Gidget 11-18-2010 02:00 PM

does my horse have to know all this to compete
 
sooo,Gidget isn't really what you call dressage material. She is a short,broad,stocky paint...not no long legged,elegant,lean horse. So I know that people might find it funny if I were to compete in small shows with her later down the road once I feel I am ready. But I was wondering if she needs to know how to piaffe and do that side trot thing and all those fancy moves..does she need a trainer for that? I want to be really good and I want Gidget to be really good too.She's a smart horse..well i think so...bit stubborn but not dumb.

Speed Racer 11-18-2010 02:47 PM

If you expect her to compete in dressage, even at the lower levels, then she'll need to know all the correct moves and patterns.

So yes, you'll need a trainer to teach both you and your horse.

Gidget 11-18-2010 02:50 PM

thanks!

~*~anebel~*~ 11-18-2010 03:15 PM

Quote:

Originally Posted by Gidget (Post 820676)
sooo,Gidget isn't really what you call dressage material. She is a short,broad,stocky paint...not no long legged,elegant,lean horse. So I know that people might find it funny if I were to compete in small shows with her later down the road once I feel I am ready. But I was wondering if she needs to know how to piaffe and do that side trot thing and all those fancy moves..does she need a trainer for that? I want to be really good and I want Gidget to be really good too.She's a smart horse..well i think so...bit stubborn but not dumb.
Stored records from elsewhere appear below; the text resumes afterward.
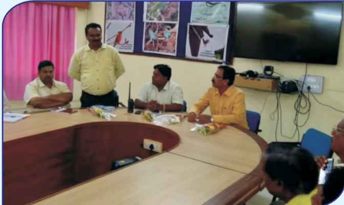
Vigilance training Programme at Dongri Buzurg Mines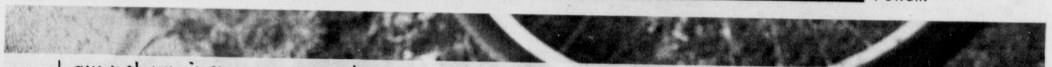
I am not my insurance card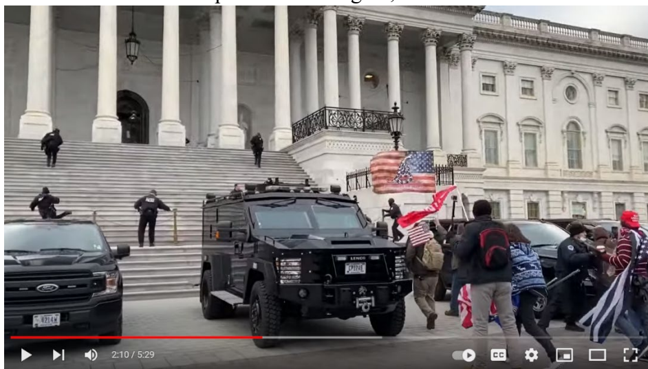
Patriots Storm U.S. Capitol in Washington, D.C.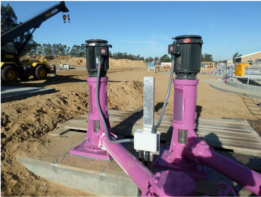
Bergelectric installing the flex conduit at the Vertical Turbine Pumps.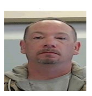
Offense Code CA12917086F4434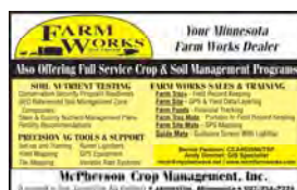
McPherson Crop Management, Inc.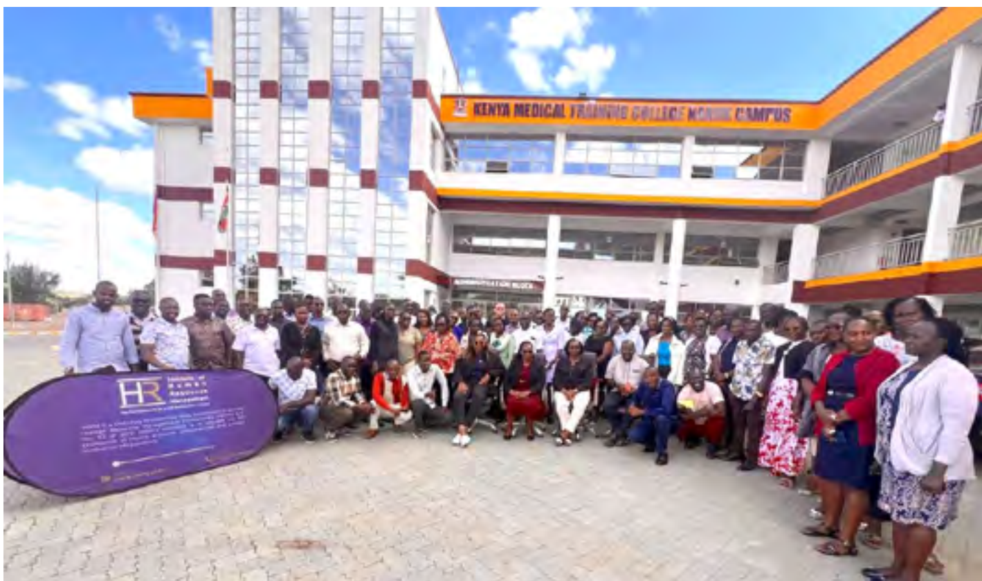
Participants during the training.

T he College has conducted a five-day capacity-building workshop for Human Resource and Administrative Officers to strengthen service delivery across its campuses.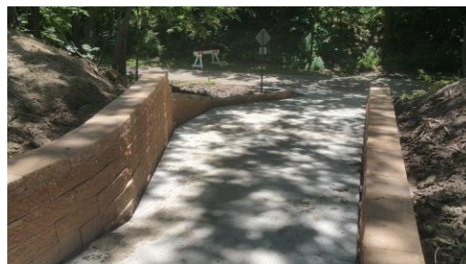
52 nd Street Connection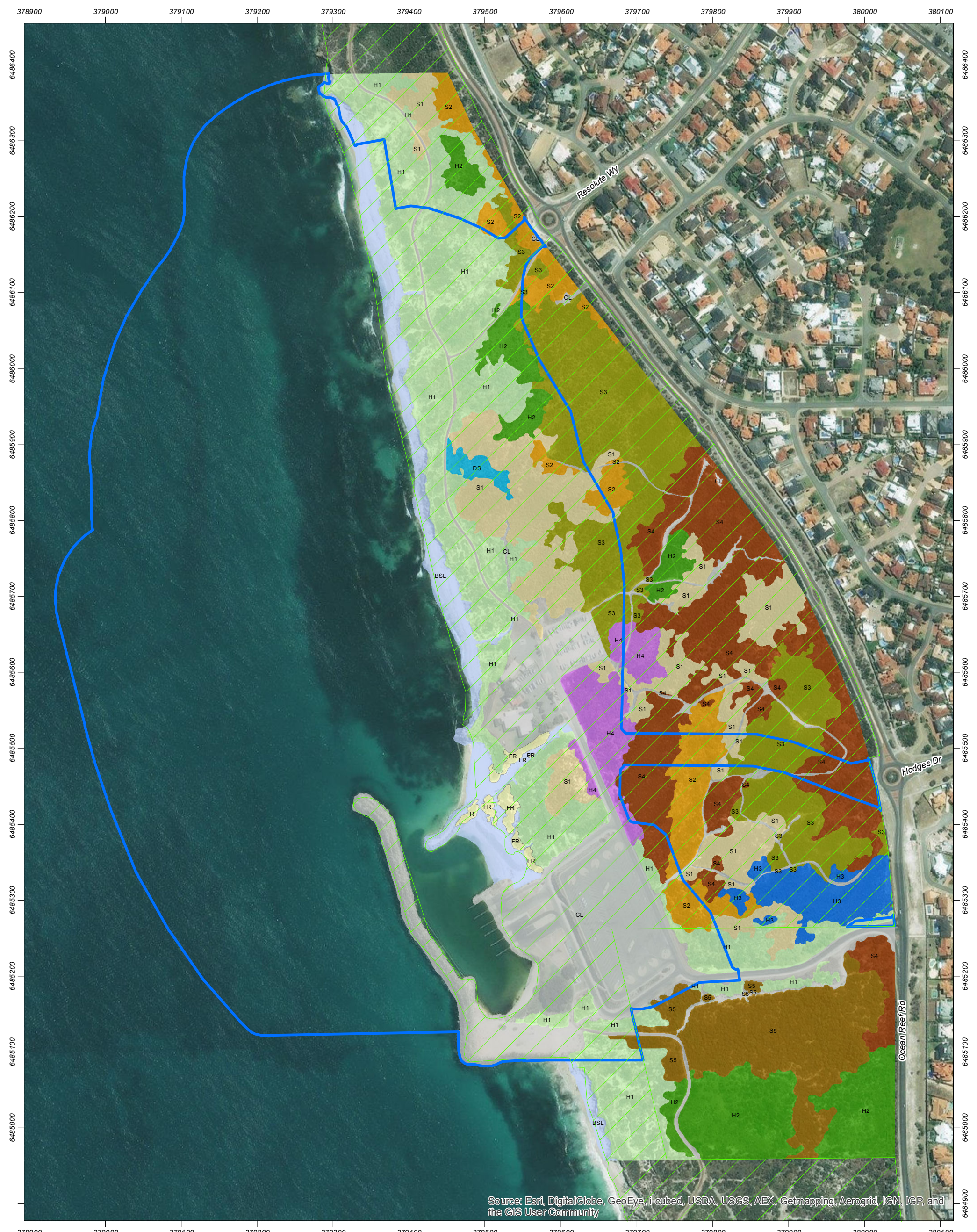
Figure 1 Ocean Reef Marina Development vegetation type

Scale 1:4,655 at A3 0 50 100 150 m Coordinate System: GDA 1994 MGA Zone 50 Note that positional errors may occur in some areas Date: 29/01/2015 Author: JCrute

No. At the lowest levels, dressage is simply walking, troting and cantering normally in a pattern, called a test. You can purchase a test book from the USDF for a nominal fee, or you can download them off the internet on some sites.
It would still be very useful for you to have a coach.

faye 11-18-2010 03:22 PM

you will need to get a trainer to do dressage, however at the lower levels it is within the ability of most horses.

Basicly if you can get your horse to walk trot and canter in a vague outline and do a circle then you can start with dressage. In the UK we even have affiliated walk and trot tests, no canter required.
The lowest level of proper dressage in the UK is prelim and for that you are required to show, walk, trot and canter, 20m circles in trot and canter. Free walk on a long rein, and I think a couple of half 10m circles in some of the harder tests.
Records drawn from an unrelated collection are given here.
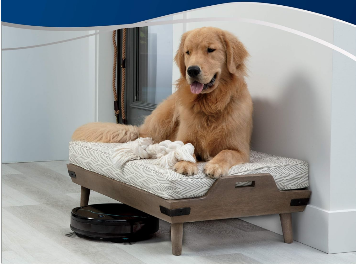
Image: The Bissell EV675 Robot Vacuum cleaning under a pet bed, demonstrating its low-profile design.

This image illustrates the vacuum's ability to clean under furniture, reaching areas that are typically difficult to access.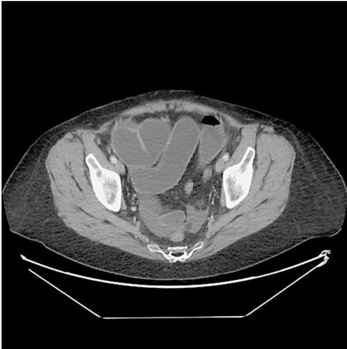
Fig. 3. Abdominal/pelvic CT of small bowel obstruction with transition point.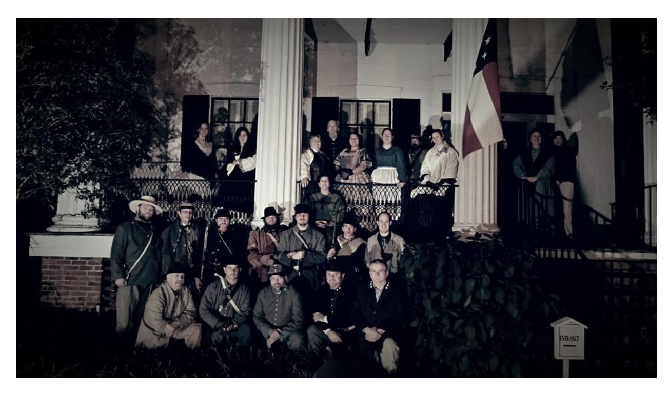
Entire Cast and Crew from the Cannonball House Candlelight Apparitions November 15, 2014, Macon, GA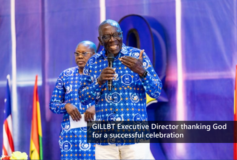
GILLBT Executive Director thanking God for a successful celebration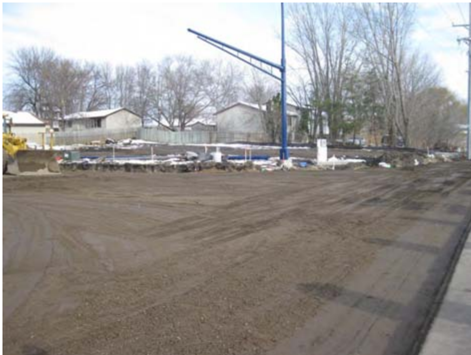
Gravel being placed at the CR 83/12 th Street intersection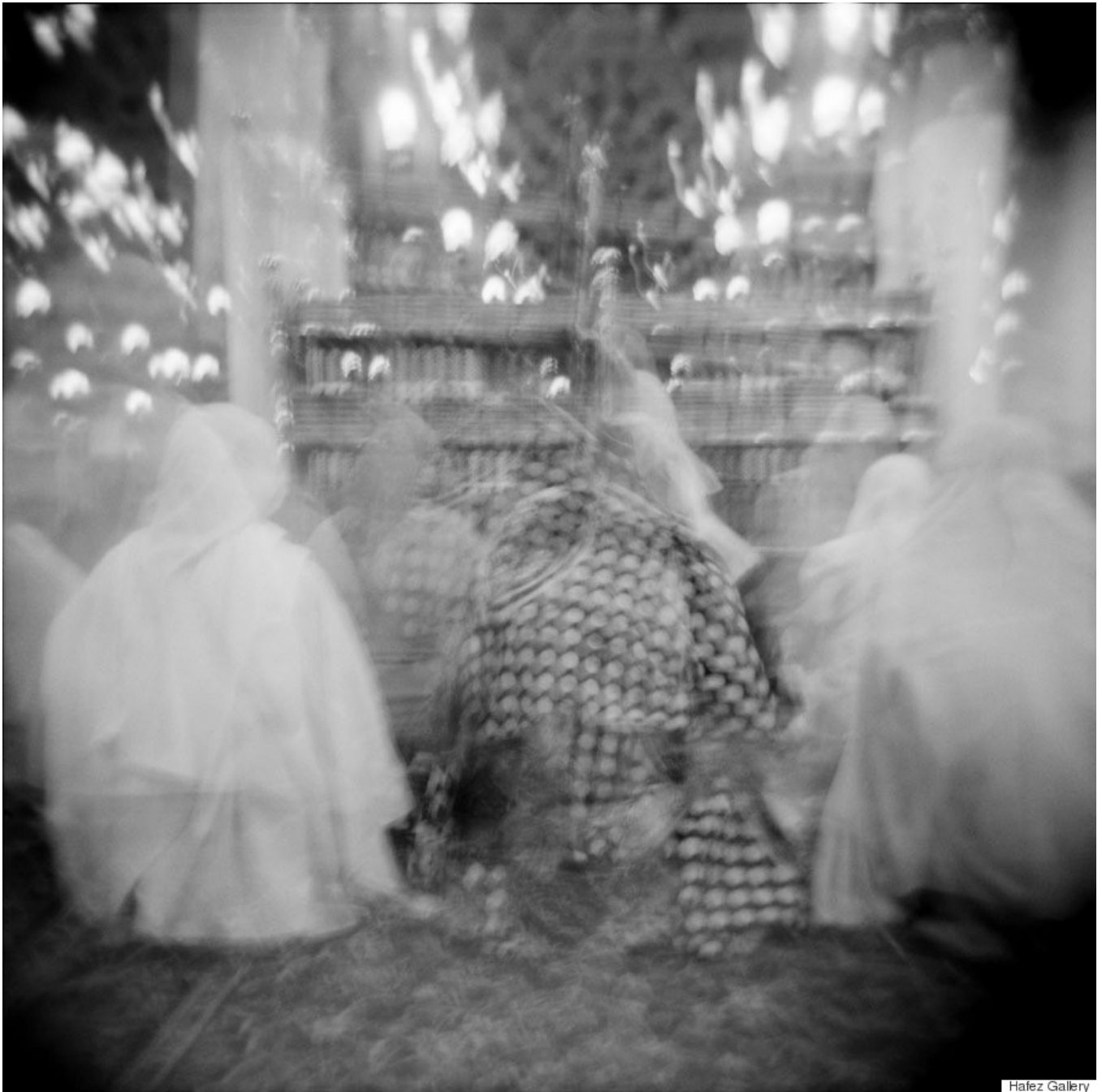
Nora Alissa, Untitled 9. 2012.

At Hafez Gallery , run by a local male artist, the recently closed show, "Anonymous: Was a Woman," looked at depictions of women by female artists. Saudi women tend not to go down in the history books. The works in "Anonymous" built a portrait of female life based on oral histories passed down for generations. The exhibit took its

Leg yielding, travers are required at elementary (the order of difficulty goes, prelim, novice, elem)
You dont require half pass untill medium level, with halfpass zigzags required at advanced medium.
Piaffe is not required untill PSG!

kitten_Val 11-20-2010 12:42 PM

First, I agree - you need a trainer if you want to teach the horse (unless you are a very good dressage rider and know how to progress) and show and win.
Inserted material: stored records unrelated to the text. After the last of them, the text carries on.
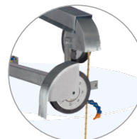
Flexible water supply

Safe application thanks to concealed wires. Easy handling thanks to intelligent design. Hydraulic or electric drive. Suitable for additional wall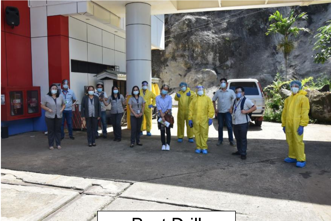
Post Drill Pictures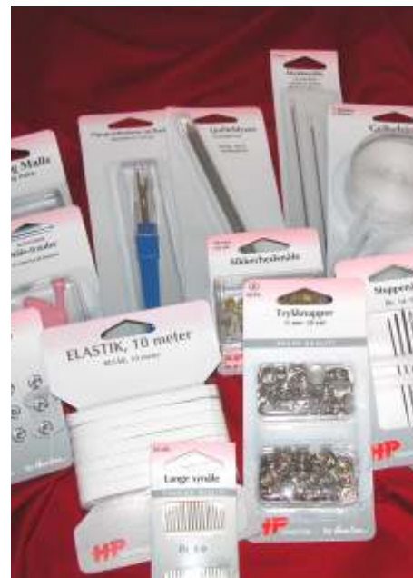
Pictured above are a sample of the range of Hemline products sold in Denmark in their distinctive, subtle pink and grey packaging.

Whether it is the colour or just the quality and competitiveness of the Hemline range, something must be right, as HP has reported that Hemline overtook their previous haberdashery line in the very first month of release and sales have been very strong since and required a new rush order to HTL!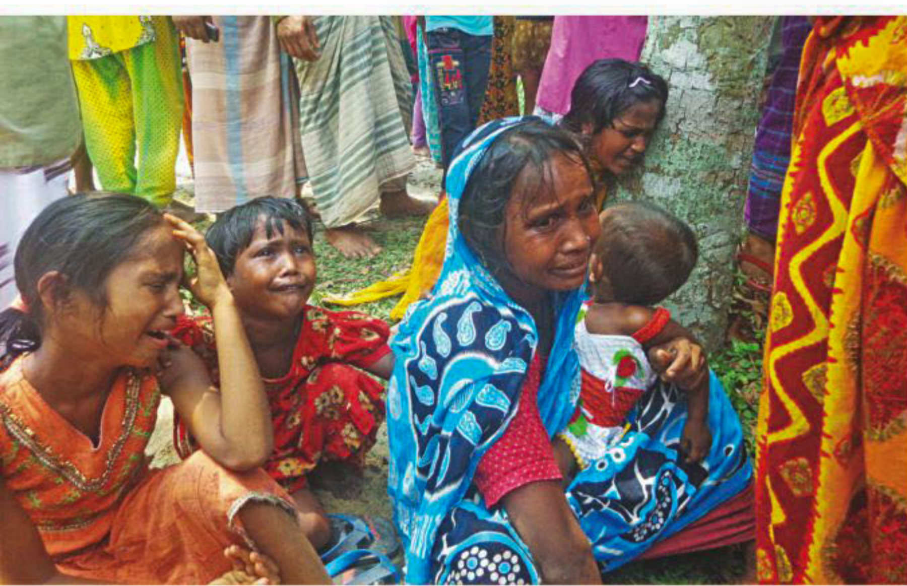
Relatives break down in tears at the death of loved ones as six people, including three of a family, were killed in a road accident when a truck rammed into a battery-run auto-rickshaw on Panchagarh-Tentulia highway at Charmile of Panchagarh yesterday.

Second, being short (if you are talking about the body, not height) in fact is a positive thing. :wink: My qh is long and it's a huge challenge to keep that impulsion. And let me tell you when she rounds and come on bit she looks very nice. I truly think any horse moving round and freely looks gorgeous (look at before and after pics some people (like say Kayty) posted - horse doesn't look nearly the same!).

Gidget 11-20-2010 01:11 PM

thank you everyone.

I do have a dressage trainer :)
I have a lesson tomorrow.

equiniphile 11-20-2010 02:08 PM

At the lower levels like they have at our county fair, you only need to walk, trot, canter, extend the gaits, change diagonals, and maybe change leads once or twice. Once you get into higher levels you will need to know Piaffe and Passage and Half-Pass, etc.